Двинулись на двух машинах – Милочка впереди на своем видавшем виды «жигуленке». Въехали в поселок, Милочка открыла окно и стала вдыхать свежий после дождя дачный воздух. Дачу долго осматривали, ходили по участку вместе с Анатолием, а его тихая жена сидела на стуле, вынесенном в сад. Потом говорили о цене, торговались и наконец сошлись. Милочка отдала им ключи и попросила завтра завезти ей аванс. Дело было сделано. Нормальные люди, приличные, по рекомендации, радовалась Милочка. Все, слава Богу, образовалось. А сколько нервов! Приехав домой, она выпила чаю с крекерами и уснула под пледом на диване – устала.
Анатолий объявился на следующий день – позвонил ближе к вечеру и попросил пару дней подождать с деньгами. Милочка, вздохнув, согласилась. Деньги он привез спустя неделю, опять заставив понервничать слабую Милочку. Она пригласила его зайти в дом и предложила кофе. Он выпил две чашки кофе с бутербродами и уходить, кажется, не собирался. Освоился и долго ходил по квартире, рассматривая Милочкины фотографии на стенах, антикварные часы с боем, старинные вазы и подсвечники – Милочкин покойный муж понимал в этом толк. Потом он сел в кресло с журналом и задремал. Милочка растерялась, долго мыла на кухне посуду, потом ушла в спальню и тихо, почти без звука смотрела телевизор. А потом Анатолий зашел к ней в спальню. Без стука. Без вступлений и разговоров он взял ее грубовато и напористо. Милочка тихо поскуливала. Через час он уже храпел с открытым ртом, широко раскинув руки. Милочка, конечно же, всю ночь не спала, бродила по квартире, пыталась осмыслить произошедшее, плакала, решила оскорбиться, а потом вдруг оживилась, встрепенулась и сказала себе, что все это – счастье и подарок судьбы, на который она уже и вовсе не рассчитывала. Успокоилась, вернулась в спальню, легла на край кровати и под утро уснула счастливым и спокойным сном. Проснулась она, когда Анатолий уже шумно умывался в ванной, вскочила к зеркалу, мазнула помадой по губам и пуховкой по носу, выхватила из шкафа свой самый лучший сиреневый в кружевах пеньюар и полетела на кухню. Когда Анатолий вышел из ванной, на кухонном столе стояли пышный омлет с сыром и укропом и полная турка кофе. Он внимательно посмотрел на Милочку, а потом подошел и по-семейному чмокнул ее в щеку. Ел он медленно и с удовольствием, просил еще поджарить в тостере гренки и сварить еще кофе. В дверях он еще раз клюнул Милочку в щеку и сказал:
– До вечера!
Бог мой! До вечера! Могла ли она мечтать! У нее начиналась новая, совсем другая жизнь! До вечера! Милочка засуетилась. Дел теперь у нее было невпроворот. Во-первых – генеральная уборка квартиры, которую она совсем запустила. Во-вторых – рынок. И там все самое лучшее и свежее: рыба, мясо, овощи, ничего мороженого, все парное и с грядки. В-третьих – обед, обильный, из трех-четырех блюд, с десертом, как раньше когда-то, когда они с мужем ждали нечастых гостей. А в-четвертых – косметичка, парикмахер, педикюр, Боже, как она запустила себя! А гардероб? Все старое, немодное, убогое. Разве это жизнь была у нее все эти годы? Скука смертная – журналы, бесконечные сериалы, грустные романсы на старых пластинках, творог на завтрак и ужин, старые джинсы и хвост на затылке. А оказывается, все только начинается!

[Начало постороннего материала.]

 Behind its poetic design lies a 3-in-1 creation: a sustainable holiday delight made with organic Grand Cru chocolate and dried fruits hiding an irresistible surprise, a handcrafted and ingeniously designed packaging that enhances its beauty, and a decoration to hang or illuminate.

К вечеру квартира сияла и сияла сама Милочка с новой короткой стрижкой и яркими красными ноготками на ногах. Ужин накрыла в гостиной – кружевная скатерть, свечи, столовое серебро. На ужин – судак по-польски, цветная капуста под сыром, крохотные пирожки с мясом, желе с фруктами, крюшон. Надела легкую галабею и крупные серьги с бирюзой. Посмотрела в зеркало – и осталась довольна собой, даже очень. На нее смотрела прелестная хрупкая и красивая женщина средних с небольшим лет. Анатолий пришел к девяти, замотанный, усталый – она предложила ему ванну с розовой пеной.

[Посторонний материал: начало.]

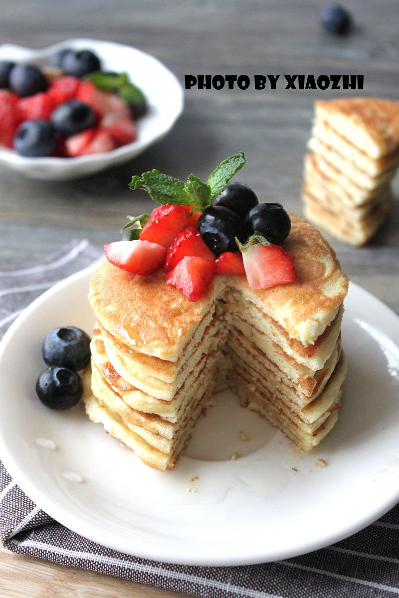 11:将煎好的松饼摞在一起,装饰新鲜水果,洒上些蜂蜜即可食用
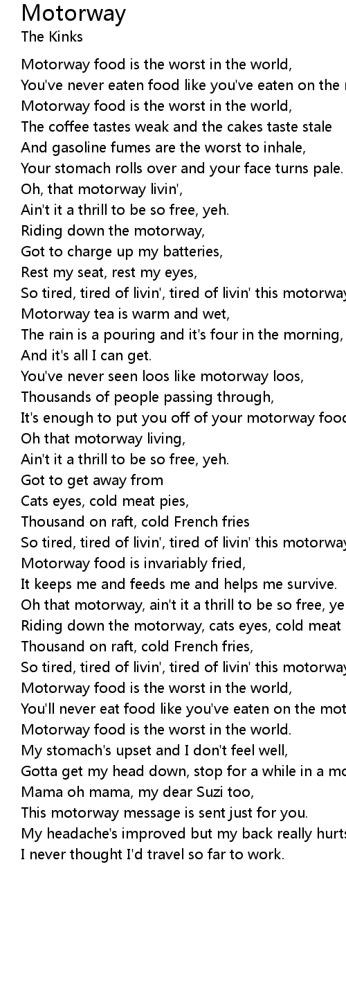Oh that motorway, ain't it a thrill to be so free, yeh, |

Затем они долго ужинали при свечах, а потом была еще одна бессонная и счастливая Милочкина ночь. Так продолжалось все лето – по будням. В пятницу вечером Анатолий уезжал на дачу, к жене, и Милочка отдыхала и, конечно, грустила. Бродила по квартире, не находя себе места, тосковала, плакала, опять слушала грустные романсы, куталась в шаль, а к вечеру воскресенья – оживала. Ведь завтра наступит понедельник! Мучило еще то, что денег за август Анатолий ей не давал, а спросить ей, конечно же, было неловко. Где-то в двадцатых числах августа он заехал, очень взволнованный, и сказал, что, видимо, будут с дачи съезжать, так как роды уже близко и оставаться за городом становится опасным. И еще с усмешкой сказал ей, что и их истории подошел конец, и то, что, уверен, они были друг другу полезны и наверняка не жалеют о проведенном с пользой для обоих времени. Милочка сидела оцепенев, опустив глаза в пол. Потом она тихо спросила:
– Значит, встречаться мы больше не будем? Анатолий почти возмутился:
– Ты о чем? У меня жена вот-вот родит! Роддом, ребенок, коляски, кроватки! Ты что, не понимаешь, что мне будет не до тебя? И не придумывай себе ничего такого. Скажи еще спасибо, время неплохо провели, вроде должна быть всем довольна. – Анатолий откинулся в кресле и хохотнул.
– А деньги? – побелевшими губами прошептала Милочка.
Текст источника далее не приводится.